_The records:_
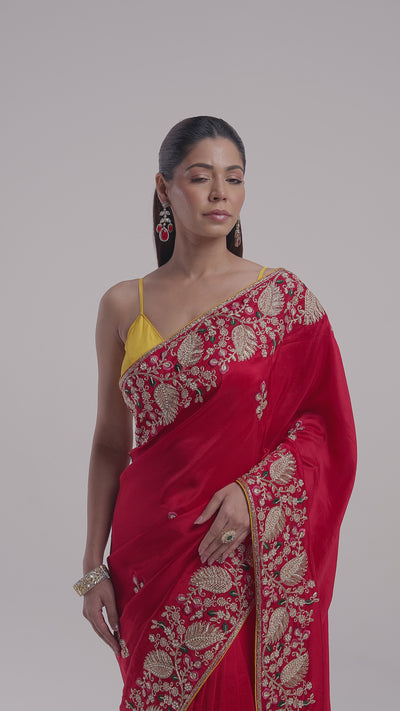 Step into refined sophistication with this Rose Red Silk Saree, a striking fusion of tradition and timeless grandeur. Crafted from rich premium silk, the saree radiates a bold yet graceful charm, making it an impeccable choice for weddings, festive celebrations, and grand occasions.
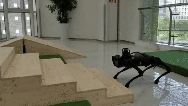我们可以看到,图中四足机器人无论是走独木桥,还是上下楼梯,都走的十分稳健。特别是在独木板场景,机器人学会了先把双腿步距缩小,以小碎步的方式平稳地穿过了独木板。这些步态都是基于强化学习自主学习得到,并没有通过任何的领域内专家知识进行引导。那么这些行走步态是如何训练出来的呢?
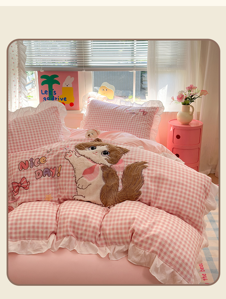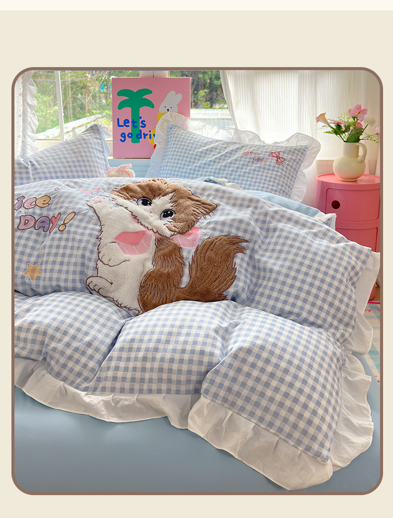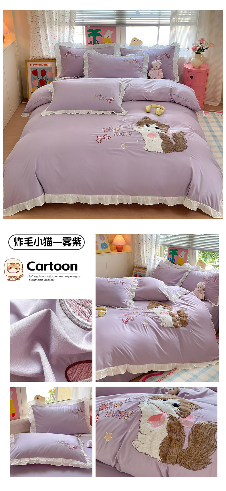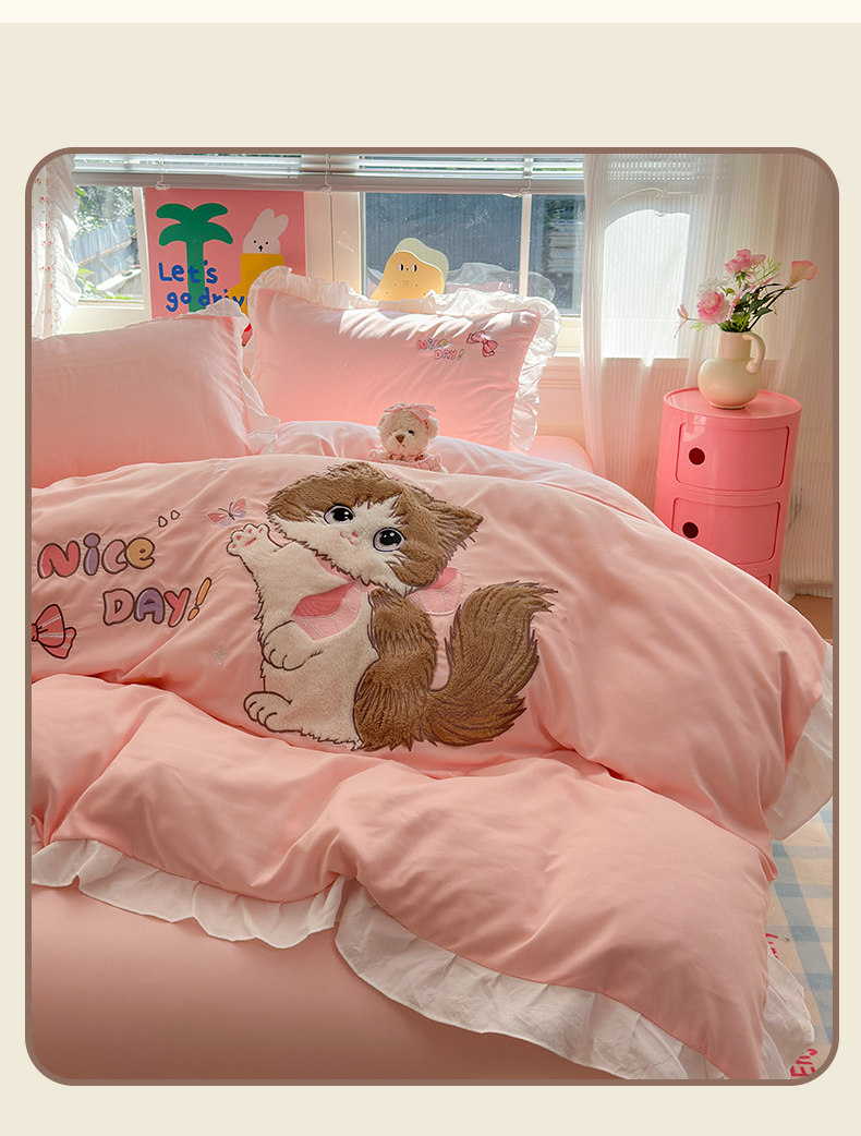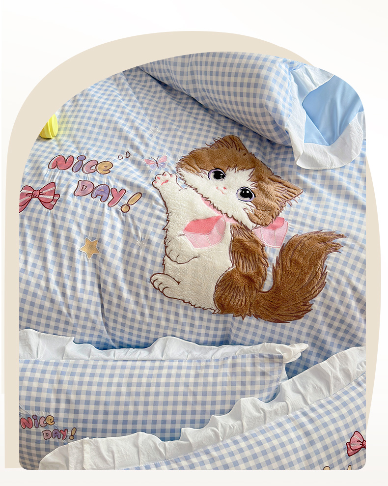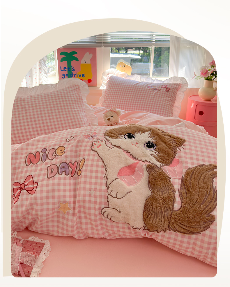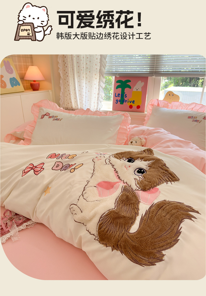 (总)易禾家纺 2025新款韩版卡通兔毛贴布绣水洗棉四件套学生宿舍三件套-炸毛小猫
--
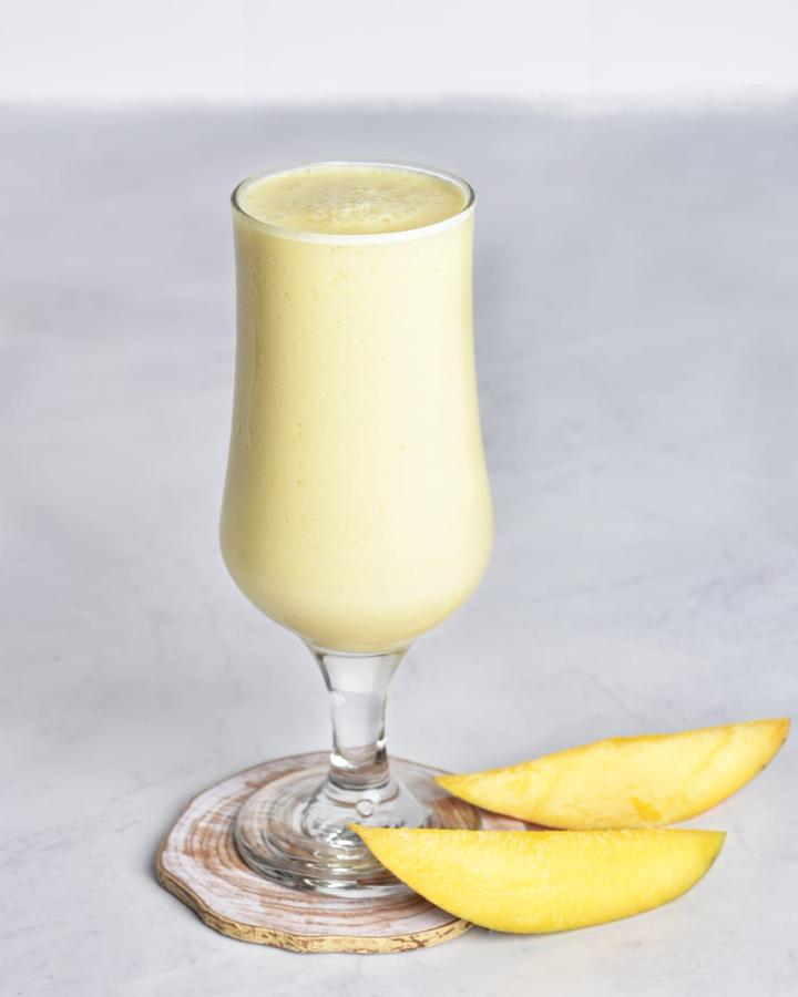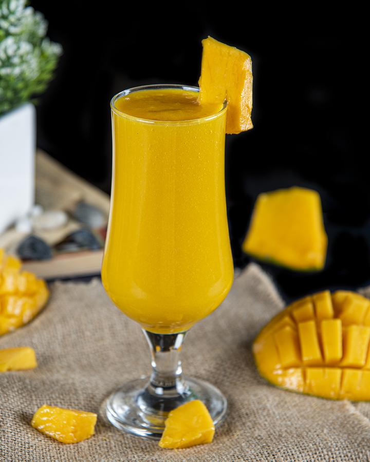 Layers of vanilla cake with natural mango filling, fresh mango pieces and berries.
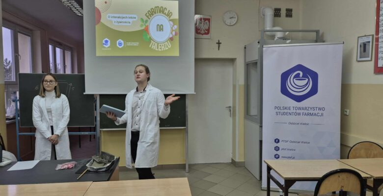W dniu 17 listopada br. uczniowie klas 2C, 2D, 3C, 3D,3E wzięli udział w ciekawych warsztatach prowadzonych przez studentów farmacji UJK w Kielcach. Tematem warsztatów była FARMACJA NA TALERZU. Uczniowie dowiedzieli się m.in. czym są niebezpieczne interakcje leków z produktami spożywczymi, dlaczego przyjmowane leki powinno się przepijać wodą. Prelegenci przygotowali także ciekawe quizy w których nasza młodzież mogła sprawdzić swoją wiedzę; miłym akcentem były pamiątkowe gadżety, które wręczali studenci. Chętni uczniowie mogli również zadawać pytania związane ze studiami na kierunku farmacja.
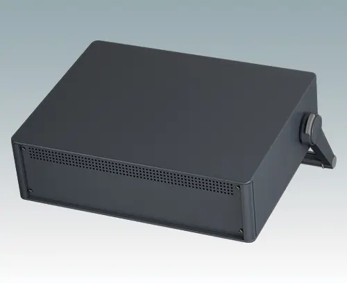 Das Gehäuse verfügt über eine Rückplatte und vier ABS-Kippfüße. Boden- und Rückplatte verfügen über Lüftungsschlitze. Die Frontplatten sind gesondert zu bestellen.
--
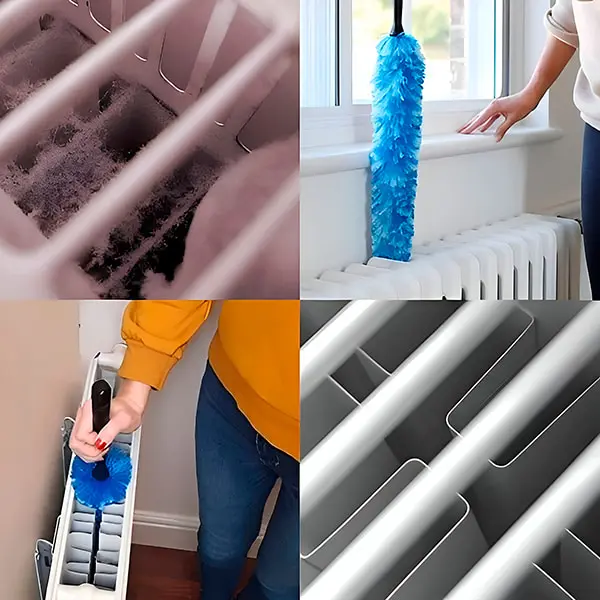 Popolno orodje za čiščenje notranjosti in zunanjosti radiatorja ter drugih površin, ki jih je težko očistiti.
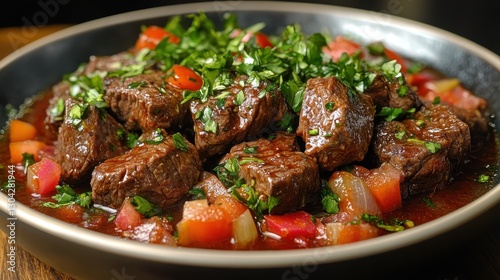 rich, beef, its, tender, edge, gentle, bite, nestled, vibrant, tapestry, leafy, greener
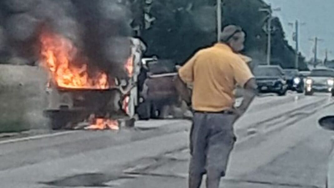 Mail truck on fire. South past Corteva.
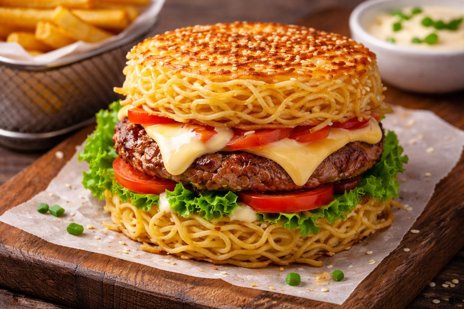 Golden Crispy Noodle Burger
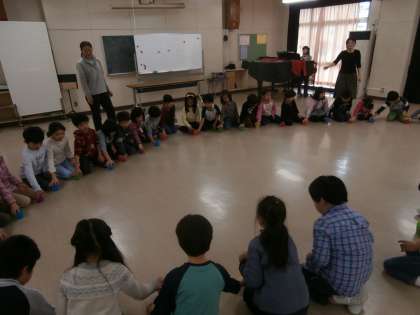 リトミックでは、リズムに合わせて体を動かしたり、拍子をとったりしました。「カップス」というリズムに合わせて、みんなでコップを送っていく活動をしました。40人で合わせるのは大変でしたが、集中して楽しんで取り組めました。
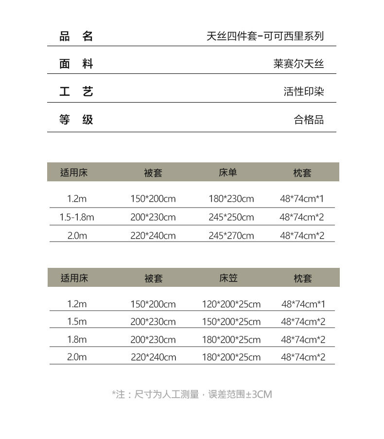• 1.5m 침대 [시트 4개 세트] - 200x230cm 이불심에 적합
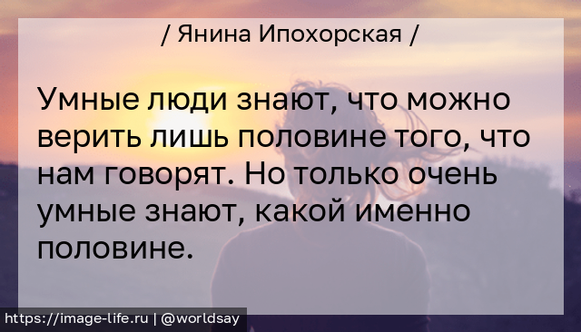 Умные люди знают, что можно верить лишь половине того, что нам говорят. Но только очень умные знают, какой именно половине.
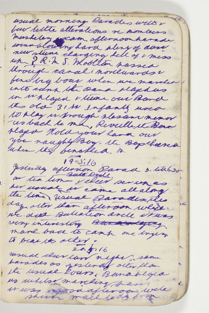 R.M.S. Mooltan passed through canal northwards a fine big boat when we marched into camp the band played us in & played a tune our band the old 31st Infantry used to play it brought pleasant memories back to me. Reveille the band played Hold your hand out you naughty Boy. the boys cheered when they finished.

_What the task requires:_ Return the lines above from the one with "Step into refined" through the one with "我们可以看到,图中四足机器人", verbatim and nothing else. Omit every picture.

_Response to the task:_
 Step into refined sophistication with this Rose Red Silk Saree, a striking fusion of tradition and timeless grandeur. Crafted from rich premium silk, the saree radiates a bold yet graceful charm, making it an impeccable choice for weddings, festive celebrations, and grand occasions.
我们可以看到,图中四足机器人无论是走独木桥,还是上下楼梯,都走的十分稳健。特别是在独木板场景,机器人学会了先把双腿步距缩小,以小碎步的方式平稳地穿过了独木板。这些步态都是基于强化学习自主学习得到,并没有通过任何的领域内专家知识进行引导。那么这些行走步态是如何训练出来的呢?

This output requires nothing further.